Labrys Biologics Inc. – $31 million committed, syndicate also includes InterWest Partners LLC, Canaan Partners and Sofinnova Ventures – is a single-asset bet, an antibody to treat chronic migraine pulled from Pfizer Inc.’s shelf that should start Phase II this year; that’s the kind of idea venBio mainly was formed to go after (Also see "venBio Rings In 2013 With Two Company Launches" - Pink Sheet, 4 Jan, 2013.).

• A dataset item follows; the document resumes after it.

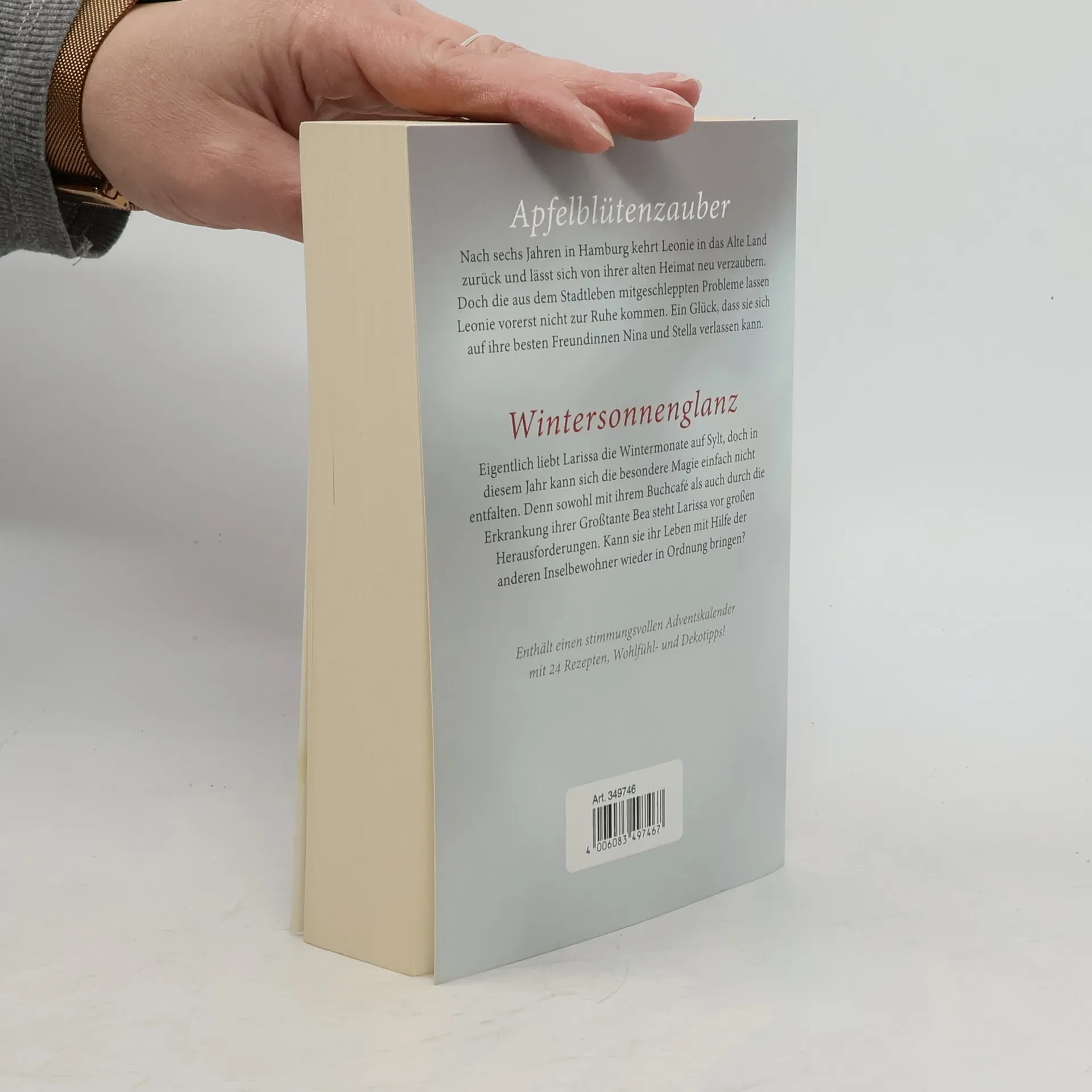 ApfelblütenzauberNach sechs Jahren in Hamburg kehrt Leonie in das Alte Land zurück und lässt sich von ihrer alten Heimat neu verzaubern. Doch die aus dem Stadtleben mitgeschleppten Probleme lassen Leonie vorerst nicht zur Ruhe kommen. Ein Glück, dass sie sich auf ihre besten Freundinnen Nina und Stella verlassen kann.WintersonnenglanzEigentlich liebt Larissa die Wintermonate auf Sylt, doch in diesem Jahr kann sich die besondere Magie einfach nicht einstellen. Denn sowohl mit ihrem Buchcafé als auch durch die Erkrankung ihrer Großtante Bea steht Larissa vor großen Herausforderungen. Kann sie ihr Leben mit Hilfe der anderen Inselbewohner wieder in Ordnung bringen?Enthält einen stimmungsvollen Adventskalender mit 24 Rezepten, Wohlfühl- und Dekotipps!

But Solstice Biologics LLC – $18 million, and Aeris Capital joins venBio – is a bold technological idea, a reworking of RNA strands to help deliver their therapeutic promise into all kinds of cells. To date, constraints on delivering nucleic acids as drugs have limited the field to a few clinical applications. If Solstice’s RNA engineering works – a big if, as venBio cofounder Corey Goodman noted – it could crack the field wide open and justify the leeway venBio LPs gave Goodman’s team to seek out one or two early-stage deals.

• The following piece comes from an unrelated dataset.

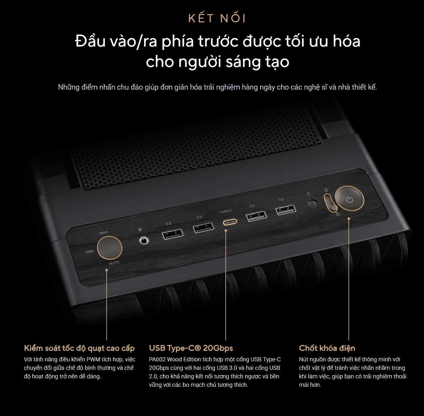 Vỏ Case ASUS ProArt PA602 Wood Edition Tempered Glass Panel là sự lựa chọn hoàn hảo, kết hợp giữa vẻ đẹp tinh tế, sang trọng và hiệu suất tản nhiệt vượt trội. Với khả năng hỗ trợ linh kiện khổng lồ và các tính năng tiện lợi, đây là nền tảng lý tưởng để bạn kiến tạo một cỗ máy làm việc chuyên nghiệp, hoạt động mát mẻ, ổn định và đầy phong cách.

Meanwhile, Labrys is to some extent a bet on Goodman’s drug connoisseurship. He ran Pfizer’s San Francisco biotech group for a couple years before the Wyeth merger shut down the group, and he was well acquainted with the migraine antibody. When Pfizer decided to out-license it in early 2012, Goodman joined the competition quickly.

Sarepta Therapeutics

On the heels of 48-week extension data from a Phase IIb trial in Duchenne muscular dystrophy (DMD) patients, Sarepta Therapeutics Inc. priced an underwritten public offering Dec. 13 netting the company $118.2 million (Also see "$118 Million Offering Should Position Sarepta Strongly For Partnering Talks" - Pink Sheet, 14 Dec, 2012.). The Cambridge, Mass., firm announced it would offer more than 4.95 million new shares of common stock at $25.25 per share, a slight discount from its same-day closing price of $25.44.

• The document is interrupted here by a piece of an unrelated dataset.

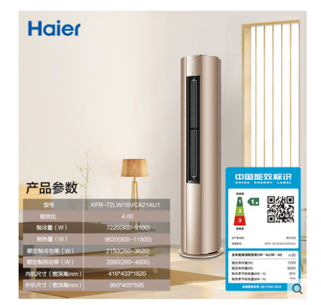 • 商品名称:Haier/海尔 KFR-72LW/18VCA21AU1 3匹一级能效变频家用空调

The raise capped off a turbulent 2012 for Sarepta. The company had an unclear future after 24-week data from eteplirsen’s Phase IIb trial in DMD produced mixed results. The share price sank as low as $3.24 in December 2011, adjusted for a subsequent reverse stock split, and the firm risked being de-listed by NASDAQ. Gains in early 2012 eroded gradually, and shares neared a new low as recently as July. However, a turnaround began that month as Sarepta engineered a six-for-one reverse stock split to bolster its share price (Also see "Sarepta Therapeutics Off To A Strong Start With New Name And Data" - Pink Sheet, 22 Aug, 2012.). Then, in short order, it released impressive 36-week and 48-week data for eteplirsen. In the aftermath, Sarepta’s share price soared, peaking at $45 in early October.

The improved trial results also brought about major interest in the company from institutional investors, Sarepta CEO Chris Garabedian said. They make up a large majority of the offering’s investors, he said, which comes after an at-the-market facility brought in $37.8 million after the 36-week data were released.